§ Required work
If a line in the data contains "para", copy it out.

§ Data for review
**********

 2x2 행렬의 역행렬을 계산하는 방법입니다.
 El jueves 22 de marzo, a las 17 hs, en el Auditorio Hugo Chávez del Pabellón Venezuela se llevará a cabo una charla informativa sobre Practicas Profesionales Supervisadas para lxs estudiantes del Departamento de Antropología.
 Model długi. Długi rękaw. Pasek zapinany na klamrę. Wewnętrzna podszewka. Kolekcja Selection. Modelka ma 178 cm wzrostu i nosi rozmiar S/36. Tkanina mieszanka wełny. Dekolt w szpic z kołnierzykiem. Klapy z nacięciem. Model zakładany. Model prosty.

**********

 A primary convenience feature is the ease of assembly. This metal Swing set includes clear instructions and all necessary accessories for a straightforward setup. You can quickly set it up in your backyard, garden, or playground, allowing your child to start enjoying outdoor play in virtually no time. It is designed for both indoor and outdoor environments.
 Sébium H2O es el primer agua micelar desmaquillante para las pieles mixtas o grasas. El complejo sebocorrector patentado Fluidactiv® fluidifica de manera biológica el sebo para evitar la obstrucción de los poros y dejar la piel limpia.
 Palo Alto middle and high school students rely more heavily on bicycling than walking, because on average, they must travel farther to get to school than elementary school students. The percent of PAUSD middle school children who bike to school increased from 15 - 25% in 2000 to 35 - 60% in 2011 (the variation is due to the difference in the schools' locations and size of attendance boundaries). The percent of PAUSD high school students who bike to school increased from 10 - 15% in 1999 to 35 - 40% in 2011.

**********

§ Exercise solution
 El jueves 22 de marzo, a las 17 hs, en el Auditorio Hugo Chávez del Pabellón Venezuela se llevará a cabo una charla informativa sobre Practicas Profesionales Supervisadas para lxs estudiantes del Departamento de Antropología.
 Sébium H2O es el primer agua micelar desmaquillante para las pieles mixtas o grasas. El complejo sebocorrector patentado Fluidactiv® fluidifica de manera biológica el sebo para evitar la obstrucción de los poros y dejar la piel limpia.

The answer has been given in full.